Full test coverage. Integration and E2E tests validate the entire dynamic pipeline lifecycle against real daemon instances (PR #90). Criterion benchmarks measure resolution throughput and template expansion overhead (PR #91). Seven dedicated fuzz targets cover source YAML parsing, template expansion, extract expressions, include parsing, and HTTP response handling (PR #92). SigmaHQ corpus regression validates that dynamic pipelines do not regress existing static pipeline behavior (PR #93).

EVTX input adapter (PR #85)

RSigma can now evaluate Sigma rules directly against Windows Event Log binary files (.evtx). The adapter uses the evtx crate to parse the binary format and yield JSON records that feed directly into the detection engine.

# Evaluate rules against a Windows Event Log file
rsigma eval -r rules/windows/ -e @Security.evtx
# Works with pipelines
rsigma eval -r rules/ -p sysmon -e @Microsoft-Windows-Sysmon%4Operational.evtx

Auto-detection is extension-based: any @path argument ending in .evtx (case-insensitive) is routed through the EVTX parser. The feature is compile-time gated behind the evtx feature flag (included in default features).

Pipeline hot-reload (PR #68)

The daemon file watcher now monitors pipeline YAML files alongside the rules directory. Changes to any referenced pipeline file trigger the same debounced reload cycle as rule changes:

  1. Filesystem events on watched .yml/.yaml files (500 ms debounce)
  2. SIGHUP signal (Unix)
  3. POST /api/v1/reload endpoint

If a pipeline file fails to parse during reload, the old engine configuration is preserved and rsigma_reloads_failed_total is incremented.
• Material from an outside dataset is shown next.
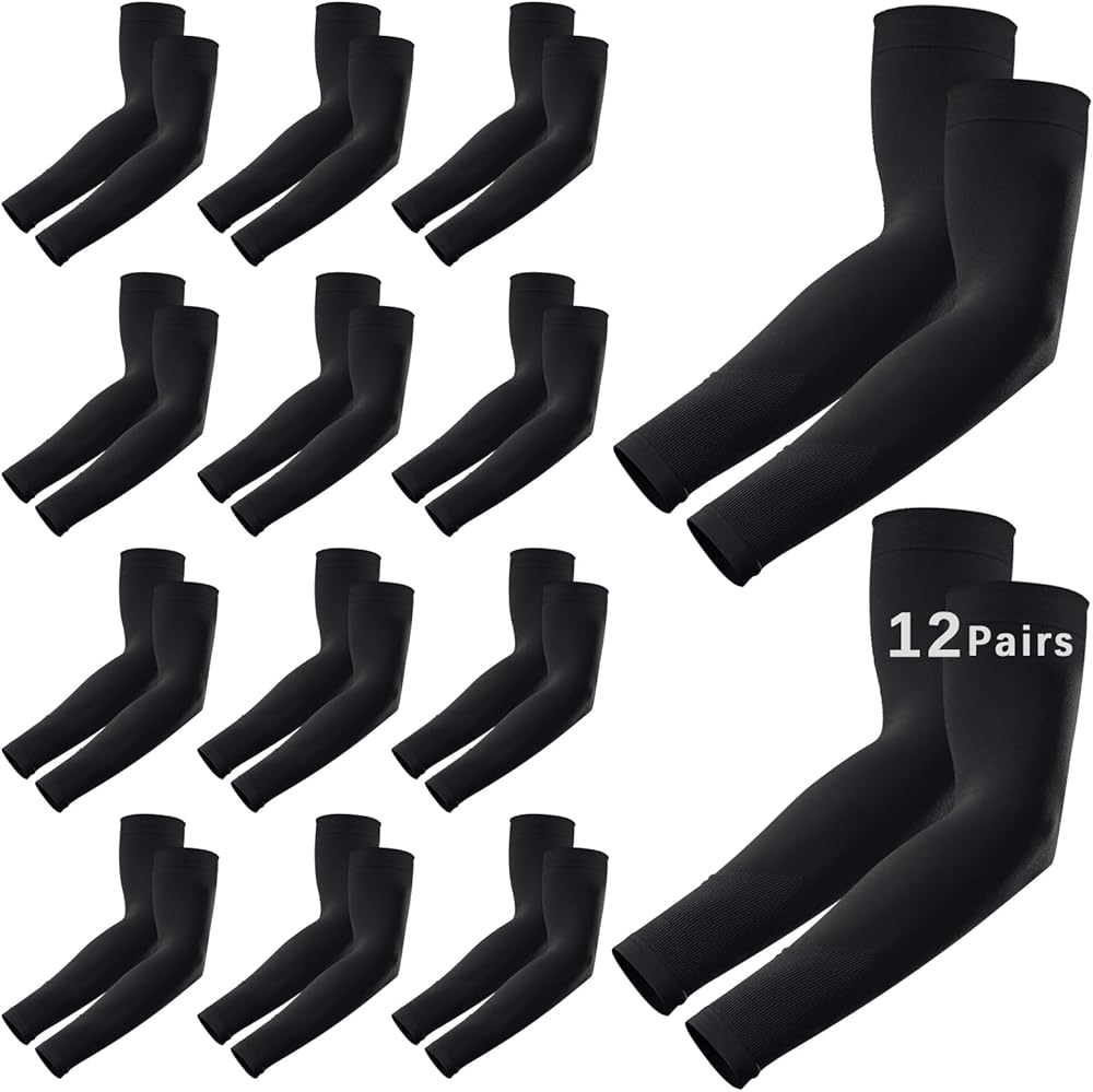 【Soft material】:6 Pairs black arm sleeves is made of a durable blend of 90% polyester and 10% spandex, The fabric combination ensures a seamless structure that fits comfortably, hugging your arms without irritation, Arm sleeves are available in one size and are suitable for both men and women

Builtin pipelines (ecs_windows, sysmon) are embedded at compile time and excluded from the file watcher.

Bundled pipelines (PR #69)

Two processing pipelines are now embedded in the binary via include_str!():

Name Description
ecs_windows Sigma/Sysmon field names to Elastic Common Schema (process creation, network, file, registry, DNS, pipe, driver, remote thread, process access)
sysmon Adds EventID conditions for logsource-to-Sysmon-event routing

Reference them by name instead of a file path:

rsigma eval -r rules/ -p ecs_windows -e @events.json
rsigma daemon -r rules/ -p sysmon
rsigma convert -r rules/ -t postgres -p ecs_windows

Fuzz testing (PR #70, PR #92)

Fourteen cargo-fuzz harnesses now cover every untrusted input surface:

Target Surface
fuzz_parse_yaml Sigma YAML parser
fuzz_condition Condition expression parser
fuzz_field_modifiers Field modifier parsing
fuzz_eval_matching Event evaluation engine
fuzz_regex_compile Regex pattern compilation
fuzz_pipeline_yaml Pipeline YAML parsing
fuzz_input_formats Input format auto-detection (JSON, syslog, logfmt, CEF)
fuzz_pipeline_sources_yaml Dynamic source YAML parsing
fuzz_extract_jq jq extract expression evaluation
fuzz_extract_jsonpath JSONPath extract expression evaluation
fuzz_extract_cel CEL extract expression evaluation
fuzz_template_expand Template ${source.*} expansion
fuzz_include_parse Include directive parsing
fuzz_http_response HTTP response body handling

Seed corpora include real SigmaHQ rules, handcrafted adversarial inputs, and valid pipeline examples. A weekly scheduled CI job runs all targets with per-target --max_len limits. Crashes upload as artifacts.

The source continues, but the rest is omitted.